Sydney, Sep 14: The Centre for Asia Pacific Aviation (CAPA) said today the air transport sector continues to grow - particularly in Asia -- five years after the attacks of September 11, an assault that had the seeming potential to undermine air travel.

''A simple reality is at play,'' said its executive chairman Peter Harbison. ''People still want and need to travel by air, a reality that will reach many more people in this region's emerging markets in the years to come as economies grow and incomes rise.'' Global demand including Asia was hit prior to September 11 as the US economy dipped after the dot-com bust. In this region, demand had already started to recover (to year-on-year levels) by early 2002 and had it not been for SARS, would have recovered to its strong growth bias by 2003.

The growth trend was finally re-established in 2004, although recent growth rates for the region's full service carriers are slowing while Chinese, Indian and low cost carriers (LCC) power on.

''LCCs have been the unexpected surprises for the Asia Pacific region, capturing growth and taking advantage of the opportunities afforded by increasing liberalisation,'' said Mr Harbison.

The latest data from OAG confirm the rise of the LCC phenomenon in Asia. LCC capacity (seats) is set to rise 63 per cent year-on-year this month and LCCs will account for 10 per cent of total services in the region, up from six per cent in the same period last year and just one per cent in September 2001.


Most importantly though, they offer the opportunity for the full service carriers to profitably participate in the growth occurring at the bottom end of the market.

All Nippon Airways plan to establish up to two LCC subsidiaries next year to grow and defend its international and domestic markets.

ANA could join the ranks of full service carriers in this region with their own leisure-focussed low cost units.

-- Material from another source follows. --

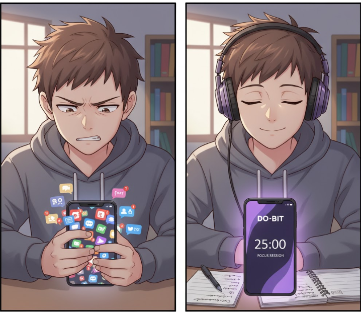 그래서 이 모든 기능을 하나로 합쳐 제가 직접 'DO-BIT(두빗)'을 개발했습니다. '실행하는 습관(Do-Habit)'이라는 의미를 담은 DO-BIT은 흩어져 있던 집중 도구들을 모아 여러분의 동기부여를 강력하게 지원합니다.

These already include Thai Airways, Air India, Qantas, Air New Zealand and Singapore Airlines. ''And these LCC subsidiaries are also riding on the wave of progressive liberalisation,'' the CAPA said.

Malaysia and Singapore last week confirmed they are working towards the long-overdue liberalisation of their bilateral air services agreement which dates back to the early 1980s, citing mutual benefits of such a development.

Kuala Lumpur-Singapore, a cash-cow for Malaysia Airlines and Singapore Airlines, is in the sights of Tiger Airways, AirAsia and Jetstar Asia (two of which are subsidiaries of full service carriers) -- and all promise to offer significantly lower fares which would stimulate new levels of growth. The opening up of this route would again demonstrate the role of LCCs as agents of change in this region.

''But all of this recent expansion occurred during a period of globally strong economic conditions. The last major global downturn was triggered by a downturn in the US economy. A slowdown led by the United States remains the greatest threat to growth going forward,'' said Mr Harbison.